Exercise> From the line with "Nic+Zoe Zebra Striped" through the line with "資料圖片:10月14日上午,安徽省銅陵縣", repeat the entries verbatim, both end lines included, and add nothing.

Data extract>
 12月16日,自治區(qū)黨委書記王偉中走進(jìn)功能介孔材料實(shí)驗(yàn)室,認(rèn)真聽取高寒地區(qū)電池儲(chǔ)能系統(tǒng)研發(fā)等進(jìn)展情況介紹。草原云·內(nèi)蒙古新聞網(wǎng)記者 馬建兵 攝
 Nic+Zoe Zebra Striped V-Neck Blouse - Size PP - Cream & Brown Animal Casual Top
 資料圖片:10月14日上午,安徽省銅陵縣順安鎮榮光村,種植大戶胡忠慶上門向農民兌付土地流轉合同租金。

==

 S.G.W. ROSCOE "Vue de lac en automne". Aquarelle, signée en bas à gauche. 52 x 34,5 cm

Reply to the exercise>
 Nic+Zoe Zebra Striped V-Neck Blouse - Size PP - Cream & Brown Animal Casual Top
 資料圖片:10月14日上午,安徽省銅陵縣順安鎮榮光村,種植大戶胡忠慶上門向農民兌付土地流轉合同租金。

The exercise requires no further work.